With the release of the Kimi Linear LLM last week, we can definitely see that efficient, linear attention variants have seen a resurgence in recent months. Here's a brief summary of what happened. First, linear attention variants have been around for a long time, and I remember seeing tons of papers in the 2020s. I don't want to dwell too long on these older attempts. But the bottom line was that they reduced both time and memory complexity from O(n^2) to O(n) to making attention much more efficient for long sequences. However, they never really gained traction as they degraded the model accuracy, and I have never really seen one of these variants applied in an open-weight state-of-the-art LLM. In the second half of this year, there was a bit of a revival of linear attention variants.
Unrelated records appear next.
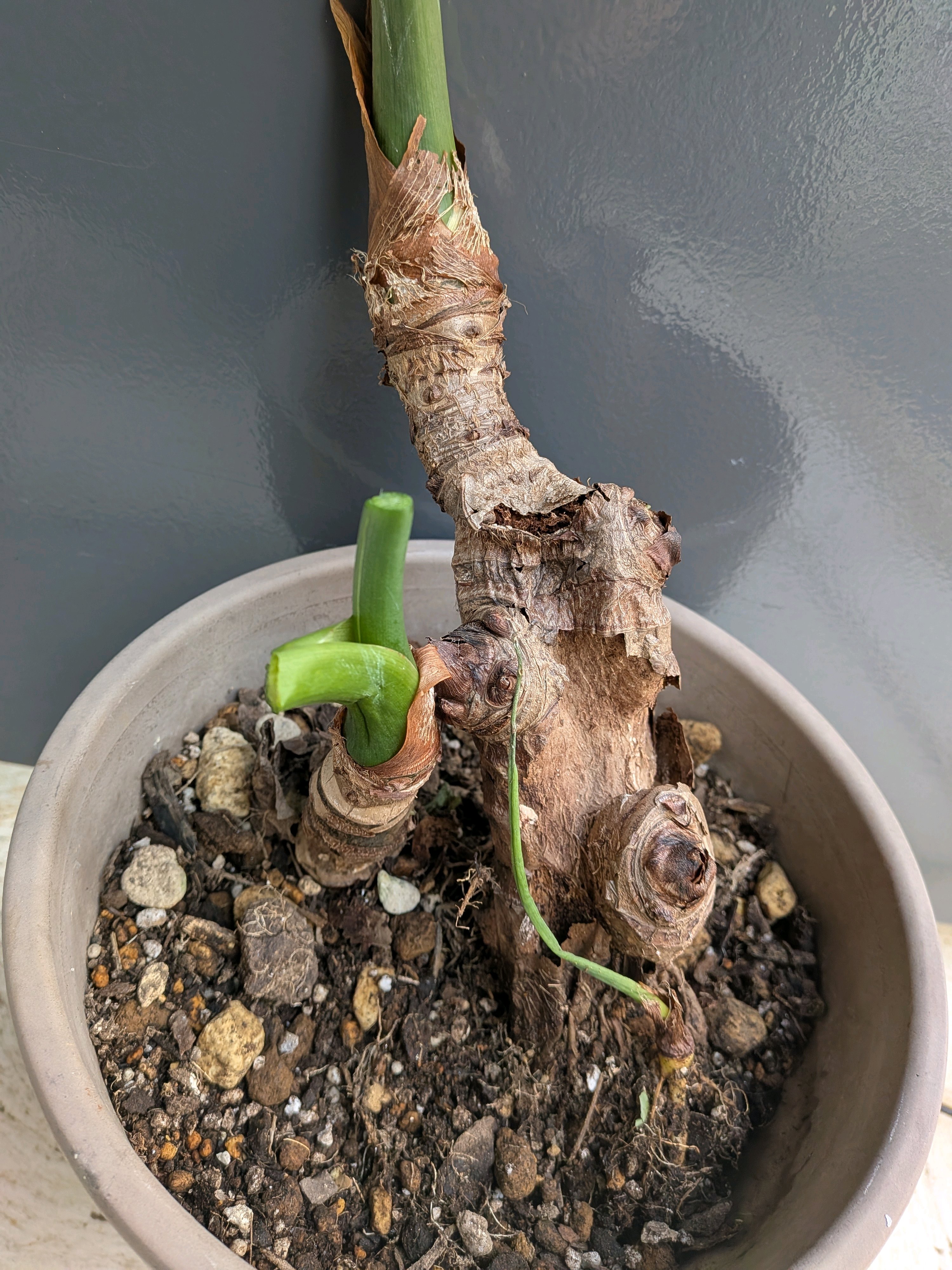 秋 いつまでも水やりをしていたので、イモの部分が腐っていましたが、乾いて復活。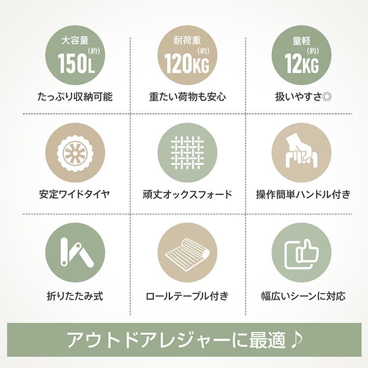 ■耐荷重120kg!重いギアや食材の運搬も安心です。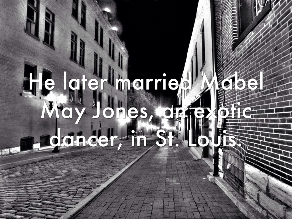 He later married Mabel May Jones, an exotic dancer, in St. Louis.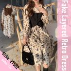 花柄 ワンピース レディース フェイクレイヤード ロングワンピース ガーリー フェミニン 長袖 大人かわいい ビスチェ 重ね着風 秋冬 春 デート マキシ丈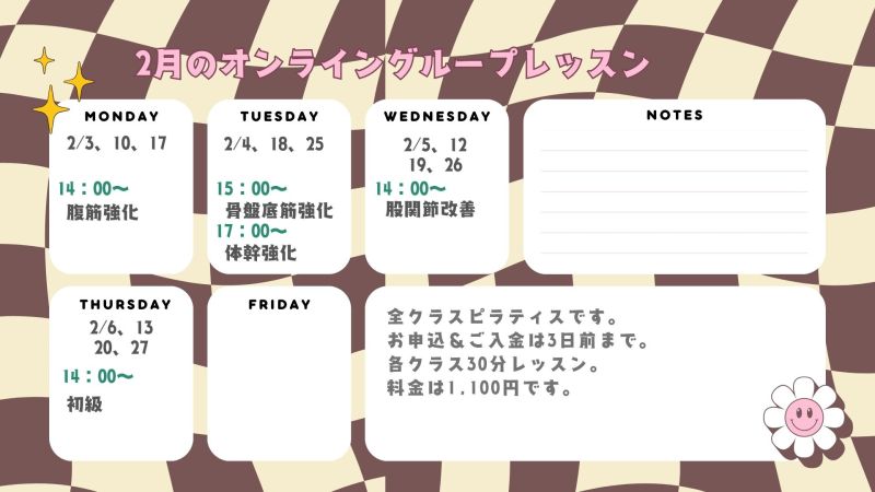 2月のオンライングループレッスン情報です!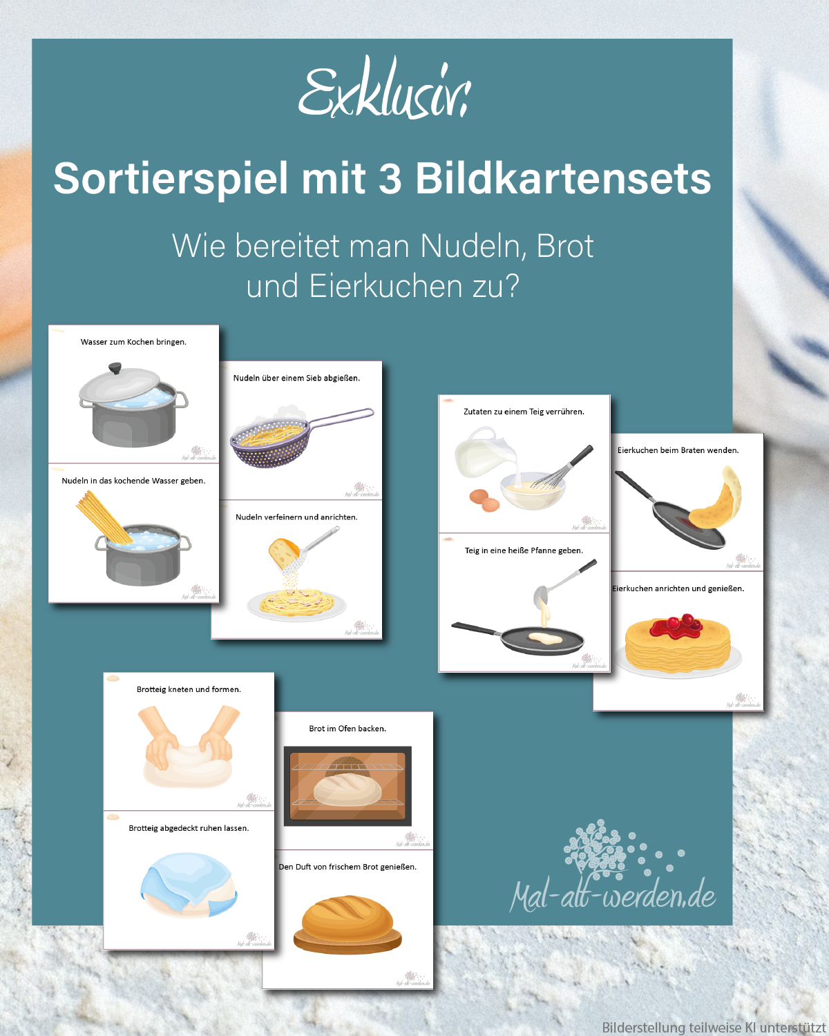 Exklusiv: Sortierspiel mit 3 Bildkartensets – Wie bereitet man Nudeln, Brot und Eierkuchen zu?
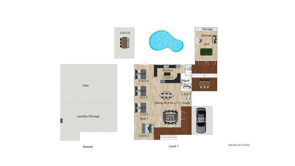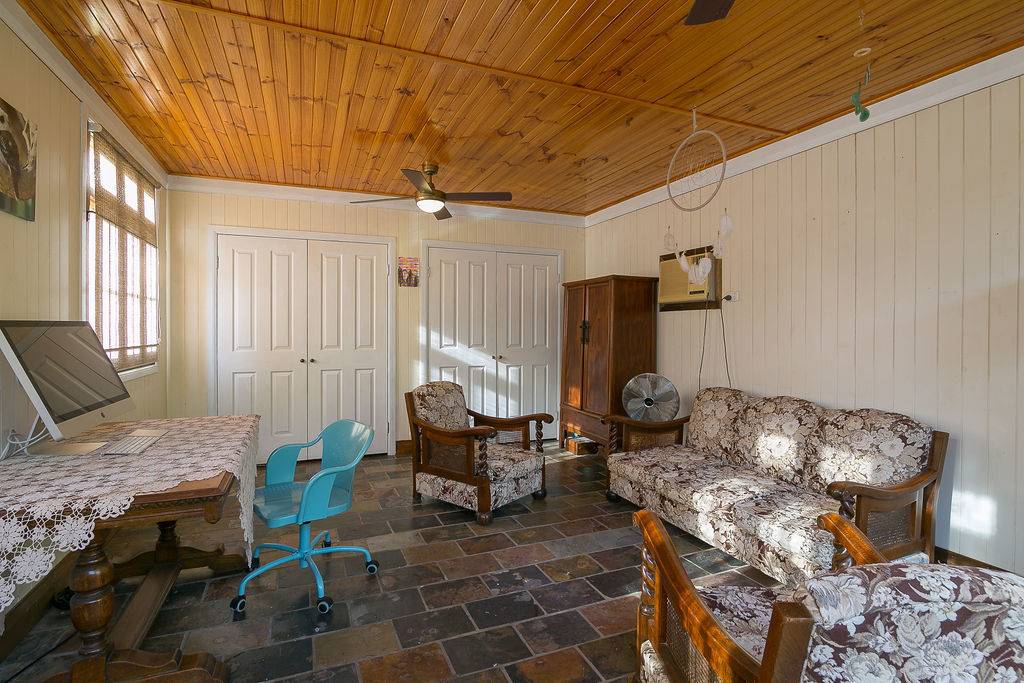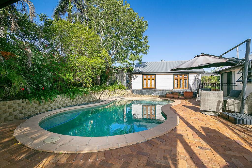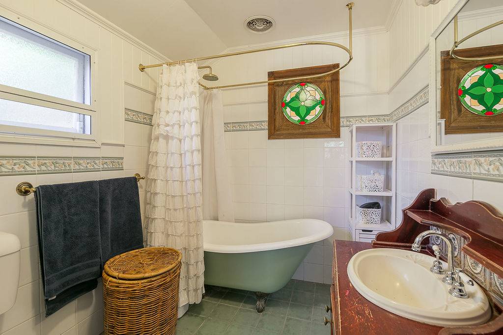 Perfect for the larger family are the two bathrooms – the second shower and toilet at the back to service the pool and main bathroom with claw foot bath. Spend many relaxing hours in the in-ground pool beside the large outside entertainment area. A separate building is fantastic for a home office/business or guest accommodation. There is massive, secure, concreted storage underneath, and it is a good height for workshop or gym. Awesome location – walk to rail, Catholic schools, Boy’s Grammar school and Blair. Upgrades: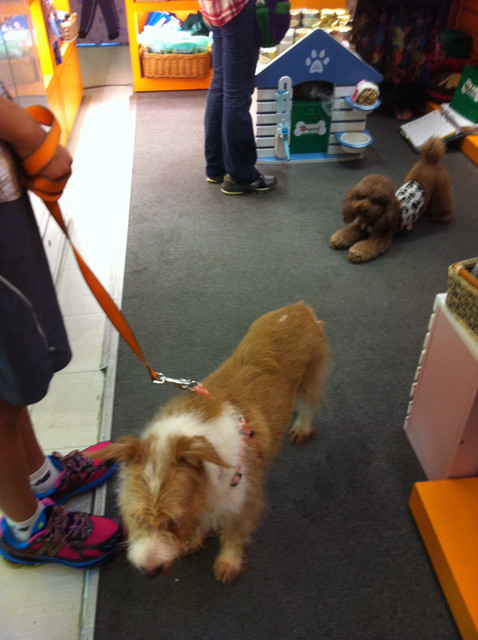 趙姊姊帶我去了幾個地方,這些地方是他們這幾天為了養來來而去尋覓的寵物店,像是基隆路口臨江夜市附近的寵物店,還去信義威秀裡的寵物店。當天下午,趙姊姊花了好多錢替來來買了很多寵物用品,而我在一旁一直找機會跟比手畫腳,用唇語跟趙姊姊咕噥地說︰「這很貴,不要在這裡買啦......!」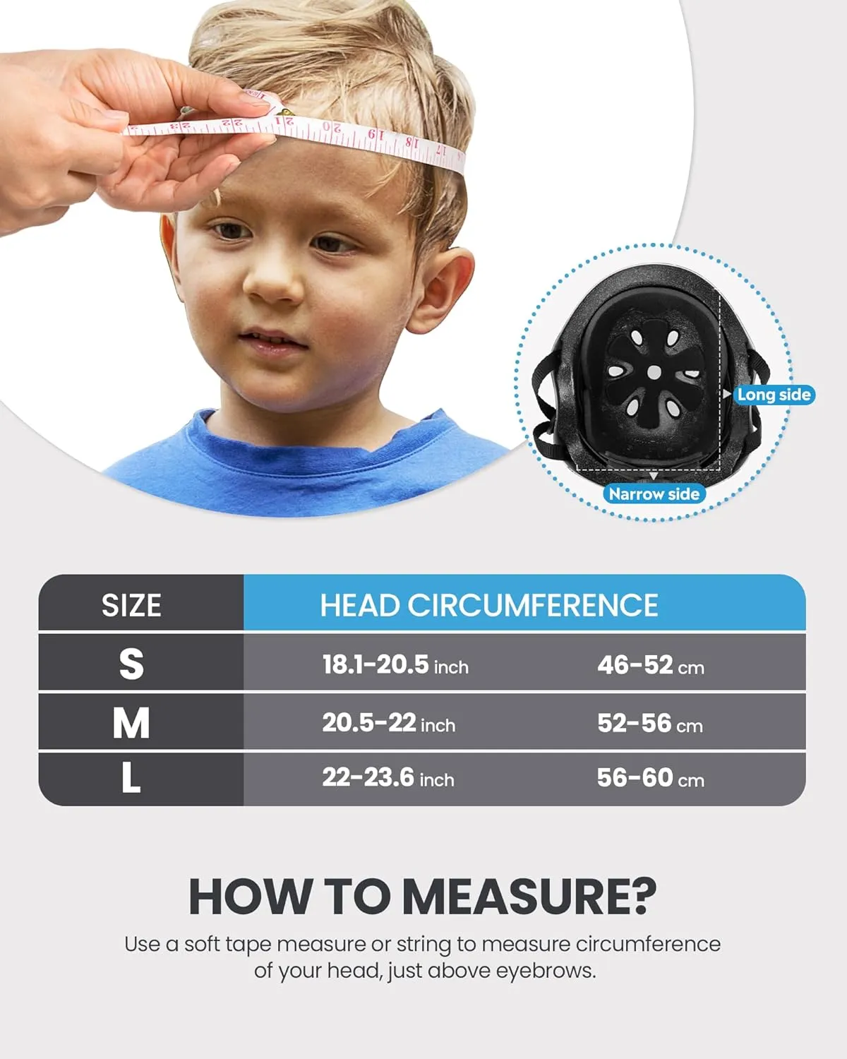 Protect kids with both comfort and impact resistance. REINFORCED ABS SHELL THICKENED SHOCK-ABSORBING EPS CORE provides solid protection when skateboarding, rollerblading, cycling and etc.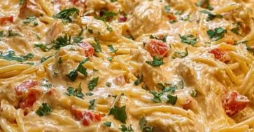 📋 Ingredients:For the Base:8 oz spaghetti, cooked and drained2 cups cooked shredded chicken (rotisserie chicken works great)For the Flavor:1 can…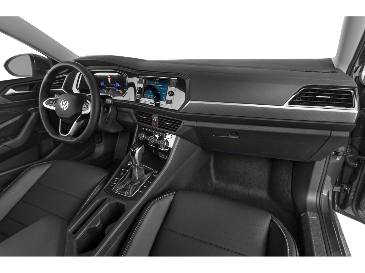 Step inside and you'll be greeted by a host of advanced technology features, including the MIB3 Composition Color touchscreen infotainment system, a rearview camera, and a suite of driver-assistive technologies like the Active Blind Spot Monitor. The Jetta's spacious interior and comfortable V-Tex Leatherette-trimmed seats provide a refined and relaxing driving experience, while the heated front seats and dual-zone climate control ensure your comfort in any weather.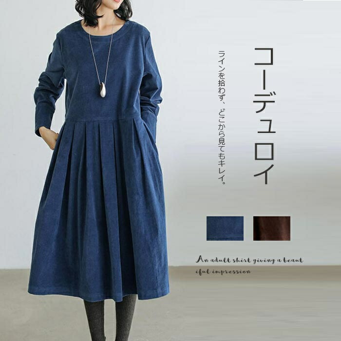 ロングワンピース ワンピース レディース 秋冬 コーデュロイ 長袖ワンピース ロング きれいめ 長袖 ミモレ丈 冬 aラインワンピース 大きいサイズ ゆったり ポケット付き ギャザ ミモレ丈ワンピース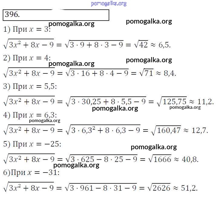 Готовые ответы - Алгебра 8 класс Колягин Ю.М. - упражнение 396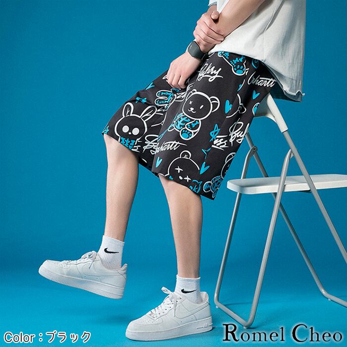 【お支払い確認後20日以内発送】RomelCheo ベア ラビット 五分丈 パンツ ハーフ サーフ ビーチ クマ ウサギ 落書き風 プリント 短パン 薄手 ワイドレッグ メンズ モノトーン ゆったり カジュアル ストリート ファッション 原宿系 スポーティー スポーツmix hiphop 夏 海 ロメルチェオ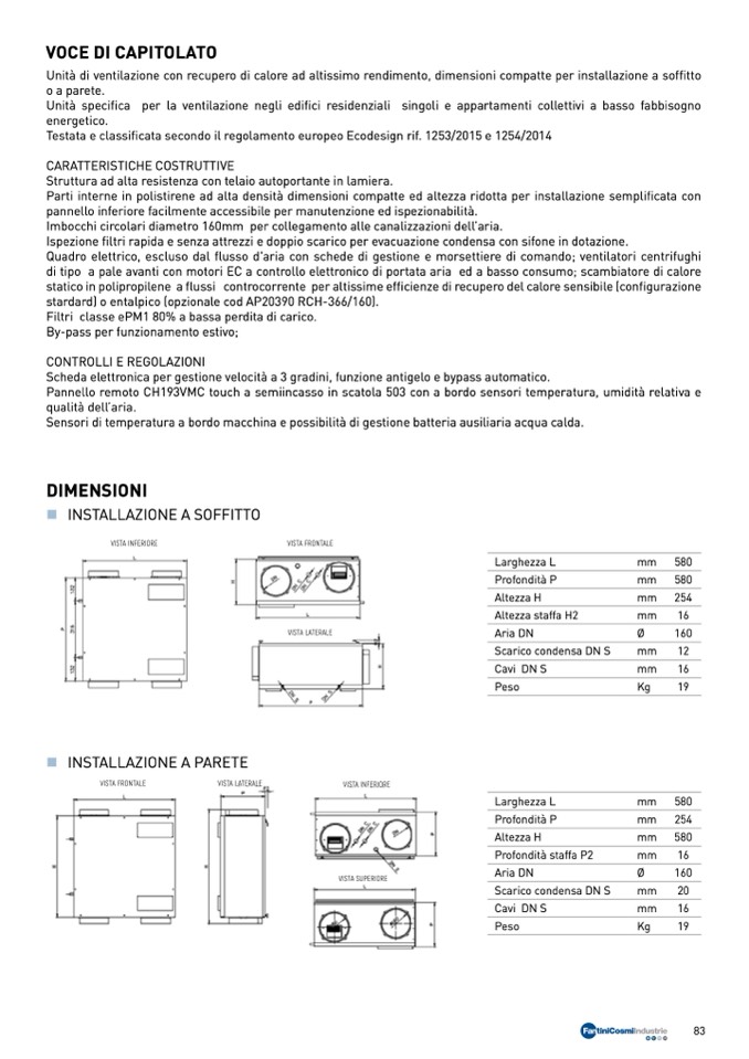 di tipo a pale avanti con motori EC a controllo elettronico di portata aria ed a basso consumo; scambiatore di calore
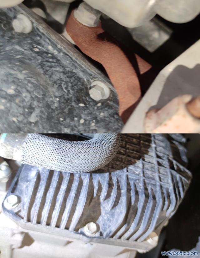 发动机跟变速箱的油底壳啊,根柢儿就莫得拆卸过的印子,也不见有渗漏的地儿呢!
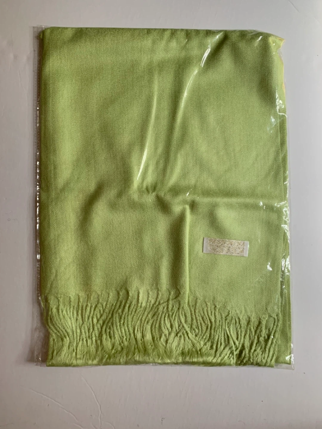 Brand new Pashmina type scarf in a lovely light green colour! Made in China.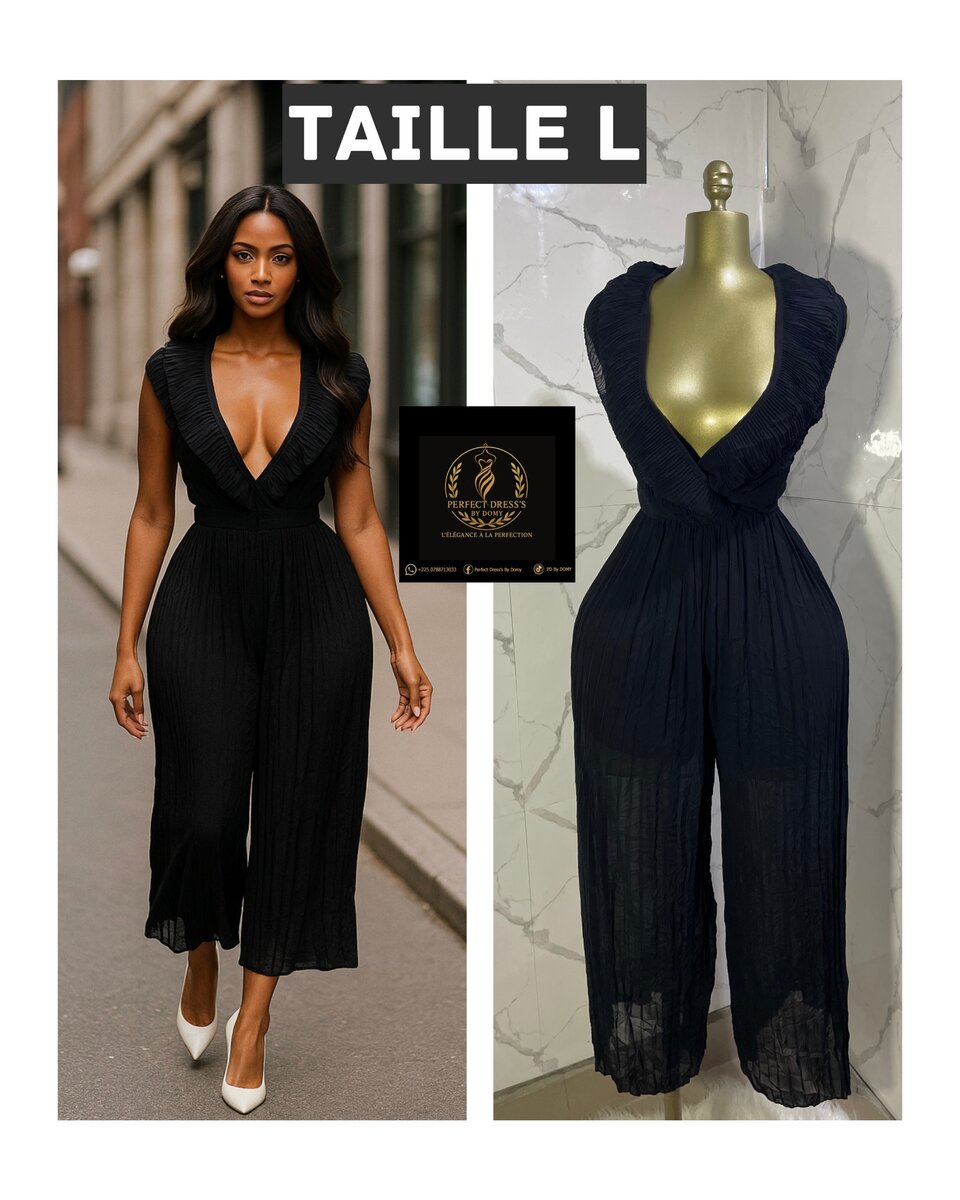Découvrez cette combinaison chic pour femme, parfaite pour toutes les occasions. Avec son décolleté plongeant et sa taille ajustée, elle souligne votre silhouette avec élégance. Idéale pour une soirée ou un événement spécial, elle vous garantit un look sophistiqué et tendance. Disponible en taille L.

The first notable model was MiniMax-M1 with lightning attention, a 456B parameter mixture-of-experts (MoE) model with 46B active parameters, which came out back in June. Then, in August, the Qwen3 team followed up with Qwen3-Next, which I discussed in more detail above. Then, in September, the DeepSeek Team announced DeepSeek V3.2 with sparse attention. All three models (MiniMax-M1, Qwen3-Next, DeepSeek V3.2) replace the traditional quadratic attention variants in most or all of their layers with efficient linear variants. (DeepSeek's sparse attention it's not strictly linear but still subquadratic). Interestingly, there was a recent plot twist, where the MiniMax team released their new 230B parameter M2 model (discussed in section 13) without linear attention, going back to regular attention. The team stated that linear attention is tricky in production LLMs. It seemed to work fine with regular prompts, but it had pure accuracy in reasoning and multi-turn tasks, which are not only important for regular chat sessions but also agentic applications. This could have been a turning point where linear attention may not be worth pursuing after all. However, it gets more interesting....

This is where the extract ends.